Attorney's Column

Court Rules Parties are Generally Free to Shorten The Period Within Which to Commence a Lawsuit

By THOMAS H. WELBY, P.E., ESQ. and GREGORY J. SPAUN, ESQ.

Construction contracts, like other contracts, are meant to define the relationship between the parties. In that regard, the parties are generally free to negotiate the terms of that contract. It is only where the contractual language at issue is contrary to statute, against public policy, or is unreasonable, will a court decline to enforce the contract as negotiated between the parties.

While parties are generally free to negotiate to shorten (but not lengthen) the period within which to start a lawsuit (the contractual statute of limitations) from the otherwise applicable six years, where the contract’s shortened limitations period effectively nullifies the claim before it arises it will be found to be unreasonable. However, this is a very fact intensive determination, and the same shortened period may be upheld in one instance, while in the next instance the exact same time period may be deemed unreasonable by a different judge. In the recent case of Cashman Dredging and Marine Contracting Co., LLC v City of New York, a court upheld a period as short as six months.

Background

In May of 2016, Cashman Dredging and Marine Contracting Co. entered into a contract with the City of New York for the dredging of portions of Flushing Bay in Queens, NY. The contract contained a provision that any lawsuit relating to the project must be brought within six months of the date of substantial completion.

Once started, the project quickly encountered problems. These problems were determined to stem from the design’s failure to account for certain low tide conditions, which resulted in slope failures. While the city investigated the issue, all work was put on hold, and delays ensued. Work ultimately resumed and on Oct. 22, 2020, the project was determined to be substantially complete.
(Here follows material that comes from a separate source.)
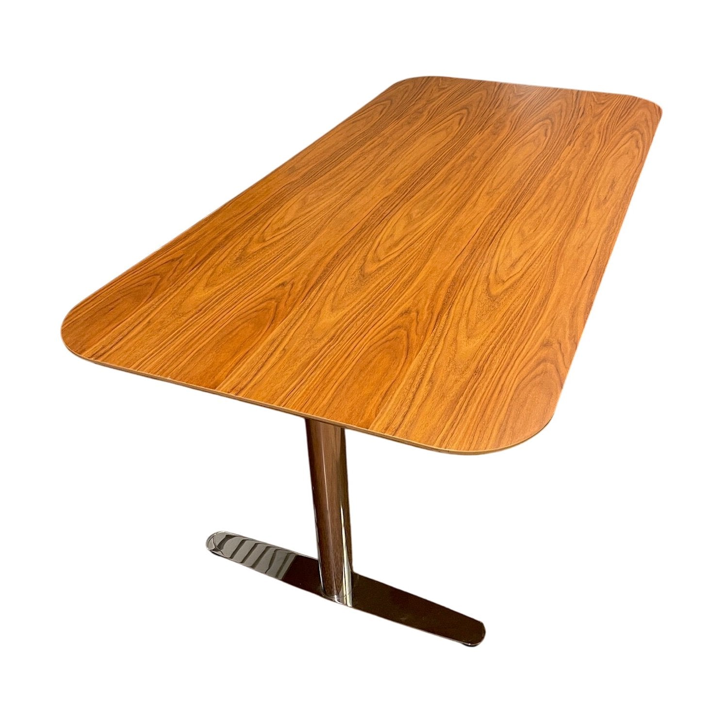 Solid møtebord med en elegant valnøtt-finish bordplate og avrundede hjørner, som gir et mykt og innbydende preg. Det stilrene designet passer perfekt i møterom, kontorer og andre arbeidsmiljøer.

As a result of the delays, Cashman asserted a delay claim seeking $808,013 in damages, which it set forth in its verified statement of damages on May 5, 2021. Although some negotiations were had on the delay claim, no formal determination was ever made, and no resolution was reached. In order to collect on this claim, on Aug. 31, 2022, Cashman commenced its lawsuit. The city moved to dismiss, arguing that the claim was untimely as it had not been brought within the six-month contractual limitations period. Cashman opposed, arguing that its delay claim had not accrued because no determination had been made (which it argued was, itself, a breach of the contract), and therefore its claim was timely. Cashman also cross-moved to assert a claim to compel the city to make a formal determination on its delay claim.

Decision

The motion court granted the city’s motion and dismissed Cashman’s claims (and denied its cross motion relating to a formal determination on the delay claim). In doing so, the court cited the six-month limitations period under the contract and found that the lawsuit, commenced nearly two years after substantial completion, was well outside of that limitations period.
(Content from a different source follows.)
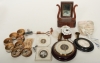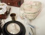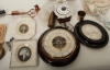 Bl.a. Schwartzwaldsur, miniatyrmålning, barometer, miniatyrrelief, rakspegel, mynt, ryska sedlar, högsta höjd 22 cm.

As to the argument that the claim had not yet accrued, the court noted that the delay claim, itself, was not articulated until after the six-month limitations period had expired. However, even following that logic to its conclusion, the court noted the contract provided that the city had only 60 days after the submission of the final statement of damages to act on the claim, so the proposed claim to compel any determination would, itself, have been time barred under that applicable statute of limitations.

Comment

This column often notes that the construction contract is the single most important document defining the relationship between the parties in our industry. Here, the court reminds us that parties are free to agree to shorten the time within which to start a lawsuit arising out of the contract. (Sometimes a party may do this unwittingly.)

There is an exception to this freedom that the limitations period cannot be so short that it runs before the claim actually accrues. However, absent such circumstances, parties would be advised that, where they have agreed to a shortened limitations period, they must exercise extra diligence to do everything they need to do to preserve and prosecute their claims within that shortened period.

Consulting with construction counsel in drafting and reviewing contracts so that you can be sure that any shortened limitations period passes the reasonableness test (and does not run before the claim accrues), and how to best timely assert any claims within that shortened period, could be very helpful. Please also study your contract at the beginning of the job—not at the end.

About the author: Thomas H. Welby, an attorney and licensed professional engineer, is General Counsel to the Construction Industry Council of Westchester & Hudson Valley, Inc., and the Building Contractors Association, and is the Founder of and Senior Counsel to the law firm of Welby, Brady & Greenblatt, LLP. Gregory J. Spaun, General Counsel to the Queens and Bronx Building Association, and an attorney and a partner with the firm, co-authors this series with Mr. Welby.